Re: UNIX command-line indexing script?

2004-03-26 Thread Charlie Smith
So, Linto,

 Did you write this in PERL or JAVA.  Would you be willing to part with copy of
source?



>Linto wrote on 3/16/04

>I  have wrote one that will index PDF,DOC,XLS,XML,HTML,TXT and plain/text
files. I wrote this based on >demo application and using other 
>open soure componets POI by Apache (for doc and exel) and PDFBox. I modified
client interface also. Now i>ts looks like google. Still i have to do a couple
of things.
 > 1) At present i'm using UNIX 'file' command to check it is plain text.
  >   This will spwan process and take more time. The advantage this is   
in unix based mechines where file >extention is not important.( it uses
magic numbers. )
>  2) The information such as Index Location, Directory, URL, etc. should 
be kept in an xml file. So that it >cam be dynamic.
>  3) Categeory 
>  
>
>Since apache guys provided good frame work every thing made easy. Thanks
guys!
>

>Linto




On Sat, 13 Mar 2004 Charlie Smith wrote :
>Anyone written a simple UNIX command-line indexing script which will read a
>bunch off different kinds of docs and index them?  I'd like to make a cron
job
>out of this so as to be able to come back and read it later during a search.
>
>PERL or JAVA script would be fine.
>
>



-
To unsubscribe, e-mail: [EMAIL PROTECTED]
For additional commands, e-mail: [EMAIL PROTECTED]

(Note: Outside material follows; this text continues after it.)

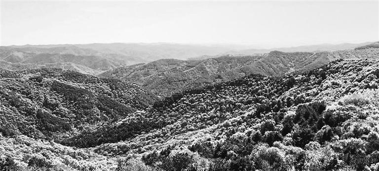 離開黃帝陵園,沿省道繼續(xù)行進,逐漸進入了高原林海。四面山川勾連,丘谷交織,全被森林覆蓋。無數(shù)高峻的山嶺如群龍盤繞,道道山脊線條分明,錯落有致,茂密的林木在冬寒中襯成一派青藍底色,常綠的松柏又在林海中開拓出成片蒼翠。極目遠望,在正午的陽光照耀下,林海風(fēng)煙彌漫,顯出一種天地間的浩然之氣。

Re: UNIX command-line indexing script?

2004-03-16 Thread Linto Joseph Mathew

I  have wrote one that will index PDF,DOC,XLS,XML,HTML,TXT and plain/text files. I 
wrote this based on demo application and using other 
open soure componets POI by Apache (for doc and exel) and PDFBox. I modified client 
interface also. Now its looks like google. Still i have to do a couple of things.
  1) At present i'm using UNIX 'file' command to check it is plain text.
 This will spwan process and take more time. The advantage this isin unix 
based mechines where file extention is not important.( it uses magic numbers. )
  2) The information such as Index Location, Directory, URL, etc. should  be kept 
in an xml file. So that it cam be dynamic.
  3) Categeory 
  

Since apache guys provided good frame work every thing made easy. Thanks guys!


Linto




On Sat, 13 Mar 2004 Charlie Smith wrote :
>Anyone written a simple UNIX command-line indexing script which will read a
>bunch off different kinds of docs and index them?  I'd like to make a cron job
>out of this so as to be able to come back and read it later during a search.
>
>PERL or JAVA script would be fine.
>
>


Re: UNIX command-line indexing script?

2004-03-15 Thread Otis Gospodnetic
Erik and I are putting finishing touches on it, so by Summer (this one
;)).

Otis

--- Charlie Smith <[EMAIL PROTECTED]> wrote:
> So, how upcoming is this book going to be?
> 
> >>> [EMAIL PROTECTED] 3/15/2004 3:39:39 AM >>>
> To add to this.
> The upcoming Lucene in Action book has ready to use code that will
> handle and index files in most popular file formats.
> 
> Otis
> 
> --- Erik Hatcher <[EMAIL PROTECTED]> wrote:
> > Have a look at the Ant  task in the Lucene sandbox.  You're
> on
> > 
> > your own, currently, to build this and understand it, but I use it 
> > frequently.  In fact, the sample index from our book is generated
> > with 
> > this:
> > 
> >   >documenthandler="lia.common.TestDataDocumentHandler">
> >
> >
> >  
> > 
> > You can plug in your own DocumentHandler implementation to index 
> > different document types however you like.  The default one indexes
> 
> > .txt and .html files, but a custom implementation can do its own
> > thing. 
> >   Again, to write a DocumentHandler that knows about various
> document
> > 
> > types is not hard you will have to write your own at the moment.
> > 
> > Despite the (minor) amount of work you'll have to do to start using
> 
> >  - the infrastructure adds a lot of value: an incremental
> file
> > 
> > system indexer (only new docs get indexed on successive runs).  
> > Plugging this into cron would be trivial.
> > 
> > Erik
> > 
> > On Mar 13, 2004, at 11:45 AM, Charlie Smith wrote:
> > 
> > > Anyone written a simple UNIX command-line indexing script which
> > will 
> > > read a
> > > bunch off different kinds of docs and index them?  I'd like to
> make
> > a 
> > > cron job
> > > out of this so as to be able to come back and read it later
> during
> > a 
> > > search.
> > >
> > > PERL or JAVA script would be fine.
> > >
> > >
> > 
> > 
> >
> -
> > To unsubscribe, e-mail: [EMAIL PROTECTED] 
> > For additional commands, e-mail:
> [EMAIL PROTECTED]
> > 
> 
> 
> -
> To unsubscribe, e-mail: [EMAIL PROTECTED] 
> For additional commands, e-mail: [EMAIL PROTECTED] 
> 
> 
> 


-
To unsubscribe, e-mail: [EMAIL PROTECTED]
For additional commands, e-mail: [EMAIL PROTECTED]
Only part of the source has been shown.